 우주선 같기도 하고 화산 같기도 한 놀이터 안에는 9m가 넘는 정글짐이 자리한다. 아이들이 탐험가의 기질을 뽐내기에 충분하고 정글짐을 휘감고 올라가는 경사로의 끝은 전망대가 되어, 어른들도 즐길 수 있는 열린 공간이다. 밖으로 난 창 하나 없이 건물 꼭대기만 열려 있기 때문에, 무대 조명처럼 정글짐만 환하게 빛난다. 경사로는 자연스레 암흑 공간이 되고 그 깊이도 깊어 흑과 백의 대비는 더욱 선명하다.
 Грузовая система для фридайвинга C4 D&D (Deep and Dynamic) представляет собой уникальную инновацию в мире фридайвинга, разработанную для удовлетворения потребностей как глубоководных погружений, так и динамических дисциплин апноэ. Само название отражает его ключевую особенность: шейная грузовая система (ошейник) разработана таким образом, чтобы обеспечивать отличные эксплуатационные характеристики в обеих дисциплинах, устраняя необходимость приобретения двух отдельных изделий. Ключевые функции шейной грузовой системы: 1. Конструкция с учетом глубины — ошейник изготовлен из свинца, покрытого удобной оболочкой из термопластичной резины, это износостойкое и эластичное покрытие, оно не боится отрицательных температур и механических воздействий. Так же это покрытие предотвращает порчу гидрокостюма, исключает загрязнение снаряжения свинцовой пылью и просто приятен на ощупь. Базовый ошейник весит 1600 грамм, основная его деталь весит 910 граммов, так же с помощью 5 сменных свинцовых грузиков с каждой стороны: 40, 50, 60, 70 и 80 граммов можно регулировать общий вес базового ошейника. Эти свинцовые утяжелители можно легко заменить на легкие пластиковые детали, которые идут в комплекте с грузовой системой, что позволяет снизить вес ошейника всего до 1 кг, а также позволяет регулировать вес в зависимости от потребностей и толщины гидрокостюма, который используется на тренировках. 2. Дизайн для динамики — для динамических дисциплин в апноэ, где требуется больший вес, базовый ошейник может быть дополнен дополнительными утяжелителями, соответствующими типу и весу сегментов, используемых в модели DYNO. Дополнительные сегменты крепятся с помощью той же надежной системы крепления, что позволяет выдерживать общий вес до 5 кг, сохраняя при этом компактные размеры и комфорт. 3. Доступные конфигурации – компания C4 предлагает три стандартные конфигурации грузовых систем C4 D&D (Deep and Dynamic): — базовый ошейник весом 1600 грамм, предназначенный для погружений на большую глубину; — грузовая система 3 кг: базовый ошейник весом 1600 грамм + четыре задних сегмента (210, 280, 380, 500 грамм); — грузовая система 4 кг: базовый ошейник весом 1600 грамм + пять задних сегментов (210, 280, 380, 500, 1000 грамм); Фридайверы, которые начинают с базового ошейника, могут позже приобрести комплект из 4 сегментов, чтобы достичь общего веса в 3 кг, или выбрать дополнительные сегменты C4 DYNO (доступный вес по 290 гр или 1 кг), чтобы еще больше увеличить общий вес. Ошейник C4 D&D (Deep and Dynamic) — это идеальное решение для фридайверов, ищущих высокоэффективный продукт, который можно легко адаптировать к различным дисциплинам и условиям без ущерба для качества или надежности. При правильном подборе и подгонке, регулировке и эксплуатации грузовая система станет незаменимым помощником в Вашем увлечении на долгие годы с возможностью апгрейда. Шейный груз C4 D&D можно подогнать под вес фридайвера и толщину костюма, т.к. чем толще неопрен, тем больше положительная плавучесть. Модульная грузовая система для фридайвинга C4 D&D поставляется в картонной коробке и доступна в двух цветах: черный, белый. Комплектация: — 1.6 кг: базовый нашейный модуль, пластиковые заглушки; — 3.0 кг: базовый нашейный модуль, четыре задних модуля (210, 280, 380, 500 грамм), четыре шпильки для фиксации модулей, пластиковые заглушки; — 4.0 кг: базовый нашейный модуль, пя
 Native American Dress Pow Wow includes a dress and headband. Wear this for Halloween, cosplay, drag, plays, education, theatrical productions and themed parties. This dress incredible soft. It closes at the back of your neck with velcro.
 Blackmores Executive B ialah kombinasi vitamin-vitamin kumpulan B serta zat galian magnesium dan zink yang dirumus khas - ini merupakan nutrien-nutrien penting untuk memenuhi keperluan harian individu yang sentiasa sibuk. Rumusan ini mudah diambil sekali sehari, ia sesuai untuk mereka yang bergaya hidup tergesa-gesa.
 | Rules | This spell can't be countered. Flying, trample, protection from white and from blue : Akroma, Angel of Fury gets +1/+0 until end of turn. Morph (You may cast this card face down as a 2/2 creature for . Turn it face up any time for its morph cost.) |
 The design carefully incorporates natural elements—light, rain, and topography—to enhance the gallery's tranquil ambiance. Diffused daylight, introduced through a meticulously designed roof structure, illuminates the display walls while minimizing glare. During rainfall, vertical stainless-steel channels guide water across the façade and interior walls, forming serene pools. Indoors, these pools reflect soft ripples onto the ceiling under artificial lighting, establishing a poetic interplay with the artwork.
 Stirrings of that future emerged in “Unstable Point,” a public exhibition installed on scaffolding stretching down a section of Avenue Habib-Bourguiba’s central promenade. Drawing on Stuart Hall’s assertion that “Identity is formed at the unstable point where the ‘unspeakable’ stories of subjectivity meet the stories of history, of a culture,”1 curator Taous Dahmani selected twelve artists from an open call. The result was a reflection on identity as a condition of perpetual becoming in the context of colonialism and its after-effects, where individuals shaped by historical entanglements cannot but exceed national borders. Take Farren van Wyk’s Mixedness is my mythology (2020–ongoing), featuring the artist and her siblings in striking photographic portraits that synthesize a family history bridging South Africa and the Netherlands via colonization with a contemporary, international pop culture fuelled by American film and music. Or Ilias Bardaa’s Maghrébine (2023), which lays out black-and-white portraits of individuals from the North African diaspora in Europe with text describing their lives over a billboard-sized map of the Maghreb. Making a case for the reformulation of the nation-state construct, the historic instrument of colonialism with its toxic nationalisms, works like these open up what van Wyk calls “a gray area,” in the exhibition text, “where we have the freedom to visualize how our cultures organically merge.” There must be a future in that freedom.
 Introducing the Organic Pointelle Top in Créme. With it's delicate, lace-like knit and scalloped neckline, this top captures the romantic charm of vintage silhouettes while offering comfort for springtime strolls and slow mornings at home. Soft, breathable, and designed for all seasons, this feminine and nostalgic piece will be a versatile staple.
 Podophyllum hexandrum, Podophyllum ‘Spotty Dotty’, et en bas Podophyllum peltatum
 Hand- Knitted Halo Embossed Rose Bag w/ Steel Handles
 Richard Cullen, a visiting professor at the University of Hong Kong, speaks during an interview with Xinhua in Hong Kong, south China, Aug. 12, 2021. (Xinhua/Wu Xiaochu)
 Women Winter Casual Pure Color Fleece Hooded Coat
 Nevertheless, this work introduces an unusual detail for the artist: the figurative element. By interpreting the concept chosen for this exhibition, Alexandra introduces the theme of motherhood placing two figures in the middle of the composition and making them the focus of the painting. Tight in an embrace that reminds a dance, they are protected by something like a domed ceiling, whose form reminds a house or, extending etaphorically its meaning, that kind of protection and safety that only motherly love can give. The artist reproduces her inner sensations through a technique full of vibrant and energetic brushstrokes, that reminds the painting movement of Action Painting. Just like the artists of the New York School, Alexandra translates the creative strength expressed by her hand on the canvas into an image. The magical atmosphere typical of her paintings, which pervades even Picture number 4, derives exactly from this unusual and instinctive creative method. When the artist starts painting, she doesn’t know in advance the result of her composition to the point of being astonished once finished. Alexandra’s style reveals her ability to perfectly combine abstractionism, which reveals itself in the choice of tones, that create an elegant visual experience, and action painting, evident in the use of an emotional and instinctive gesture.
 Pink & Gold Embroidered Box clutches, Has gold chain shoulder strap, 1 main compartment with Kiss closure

+ + + + +

**Action item**
The exact lines of the material above starting at the one that contains "Blackmores Executive B" and ending at the one that contains "The design carefully" are what to retype; leave out everything else.

**Solution**
 Blackmores Executive B ialah kombinasi vitamin-vitamin kumpulan B serta zat galian magnesium dan zink yang dirumus khas - ini merupakan nutrien-nutrien penting untuk memenuhi keperluan harian individu yang sentiasa sibuk. Rumusan ini mudah diambil sekali sehari, ia sesuai untuk mereka yang bergaya hidup tergesa-gesa.
 | Rules | This spell can't be countered. Flying, trample, protection from white and from blue : Akroma, Angel of Fury gets +1/+0 until end of turn. Morph (You may cast this card face down as a 2/2 creature for . Turn it face up any time for its morph cost.) |
 The design carefully incorporates natural elements—light, rain, and topography—to enhance the gallery's tranquil ambiance. Diffused daylight, introduced through a meticulously designed roof structure, illuminates the display walls while minimizing glare. During rainfall, vertical stainless-steel channels guide water across the façade and interior walls, forming serene pools. Indoors, these pools reflect soft ripples onto the ceiling under artificial lighting, establishing a poetic interplay with the artwork.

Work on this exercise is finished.